## WHAT IS NEEDED
Transcribe only the lines of the listing below from the one holding "Engineered from T-6061" through the one holding "- 【Assembly &", inclusive, without any change.

## DATASET RECORDS
== Segment start ==

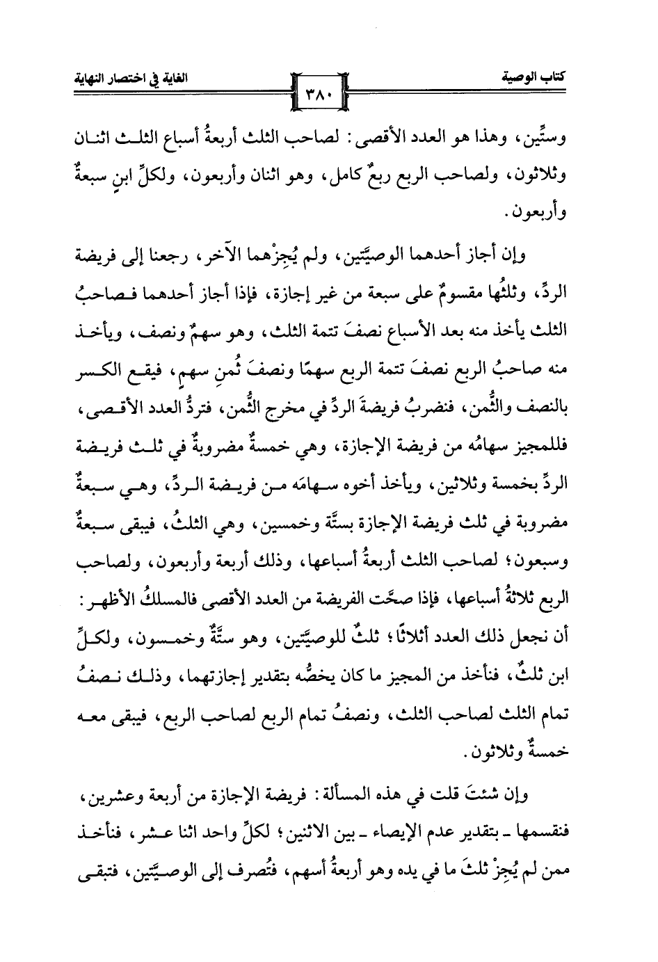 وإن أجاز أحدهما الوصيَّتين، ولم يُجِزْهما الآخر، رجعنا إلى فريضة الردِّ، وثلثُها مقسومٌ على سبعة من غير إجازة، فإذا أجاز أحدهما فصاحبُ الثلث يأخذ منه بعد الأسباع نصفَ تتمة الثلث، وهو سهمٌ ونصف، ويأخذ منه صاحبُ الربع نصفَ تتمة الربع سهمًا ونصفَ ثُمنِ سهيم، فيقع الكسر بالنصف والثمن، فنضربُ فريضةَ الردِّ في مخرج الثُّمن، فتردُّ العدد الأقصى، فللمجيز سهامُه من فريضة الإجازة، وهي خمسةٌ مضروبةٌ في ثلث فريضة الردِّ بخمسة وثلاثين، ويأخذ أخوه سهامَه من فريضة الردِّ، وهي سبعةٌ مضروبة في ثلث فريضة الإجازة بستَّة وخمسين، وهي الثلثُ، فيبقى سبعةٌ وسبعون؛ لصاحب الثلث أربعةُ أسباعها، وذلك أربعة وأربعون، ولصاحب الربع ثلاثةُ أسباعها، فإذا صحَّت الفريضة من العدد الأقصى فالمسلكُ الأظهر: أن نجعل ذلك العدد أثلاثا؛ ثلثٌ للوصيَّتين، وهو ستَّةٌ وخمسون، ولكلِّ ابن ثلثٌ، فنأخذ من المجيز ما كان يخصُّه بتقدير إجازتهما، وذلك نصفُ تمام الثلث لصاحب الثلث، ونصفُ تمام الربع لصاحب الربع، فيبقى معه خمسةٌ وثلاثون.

== Segment end ==
== Segment start ==

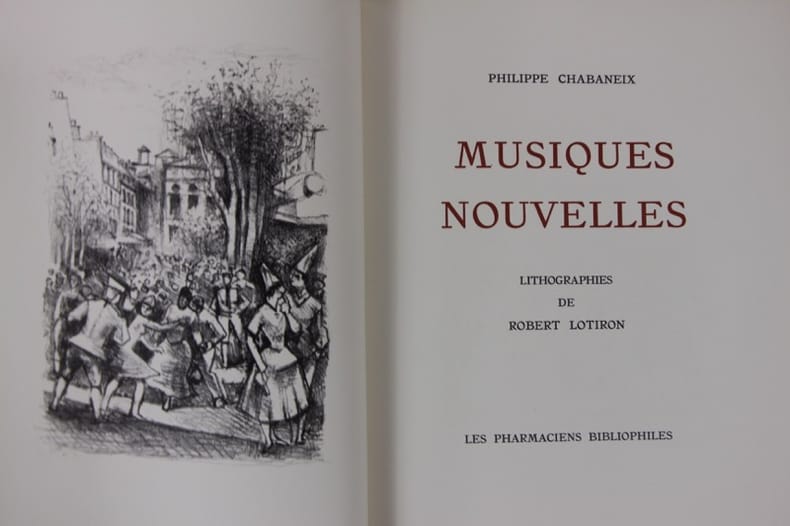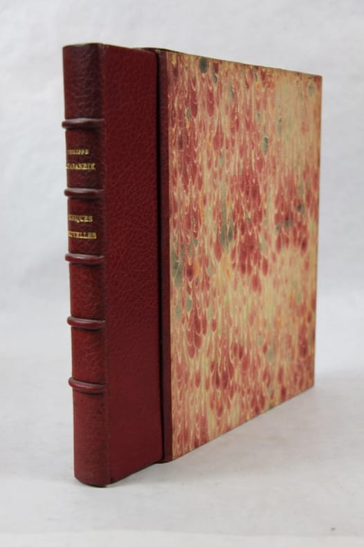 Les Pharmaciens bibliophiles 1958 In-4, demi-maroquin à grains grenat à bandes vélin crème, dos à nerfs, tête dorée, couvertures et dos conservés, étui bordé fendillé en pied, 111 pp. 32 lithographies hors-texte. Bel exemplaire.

== Segment end ==
== Segment start ==

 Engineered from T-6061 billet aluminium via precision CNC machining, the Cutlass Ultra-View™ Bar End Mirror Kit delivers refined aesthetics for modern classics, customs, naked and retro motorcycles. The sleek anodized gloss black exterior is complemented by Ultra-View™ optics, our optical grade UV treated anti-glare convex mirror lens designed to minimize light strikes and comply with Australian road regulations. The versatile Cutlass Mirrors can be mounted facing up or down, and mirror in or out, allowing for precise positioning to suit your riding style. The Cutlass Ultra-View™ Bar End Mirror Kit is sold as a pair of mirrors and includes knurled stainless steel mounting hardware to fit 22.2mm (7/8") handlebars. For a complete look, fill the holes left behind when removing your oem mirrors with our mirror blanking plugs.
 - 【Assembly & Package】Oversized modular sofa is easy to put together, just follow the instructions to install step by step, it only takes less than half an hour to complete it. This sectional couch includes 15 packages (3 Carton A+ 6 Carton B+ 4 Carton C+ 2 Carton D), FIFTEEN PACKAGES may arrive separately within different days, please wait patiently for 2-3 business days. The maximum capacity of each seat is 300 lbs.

== Segment end ==

## PROBLEM SOLUTION
 Engineered from T-6061 billet aluminium via precision CNC machining, the Cutlass Ultra-View™ Bar End Mirror Kit delivers refined aesthetics for modern classics, customs, naked and retro motorcycles. The sleek anodized gloss black exterior is complemented by Ultra-View™ optics, our optical grade UV treated anti-glare convex mirror lens designed to minimize light strikes and comply with Australian road regulations. The versatile Cutlass Mirrors can be mounted facing up or down, and mirror in or out, allowing for precise positioning to suit your riding style. The Cutlass Ultra-View™ Bar End Mirror Kit is sold as a pair of mirrors and includes knurled stainless steel mounting hardware to fit 22.2mm (7/8") handlebars. For a complete look, fill the holes left behind when removing your oem mirrors with our mirror blanking plugs.
 - 【Assembly & Package】Oversized modular sofa is easy to put together, just follow the instructions to install step by step, it only takes less than half an hour to complete it. This sectional couch includes 15 packages (3 Carton A+ 6 Carton B+ 4 Carton C+ 2 Carton D), FIFTEEN PACKAGES may arrive separately within different days, please wait patiently for 2-3 business days. The maximum capacity of each seat is 300 lbs.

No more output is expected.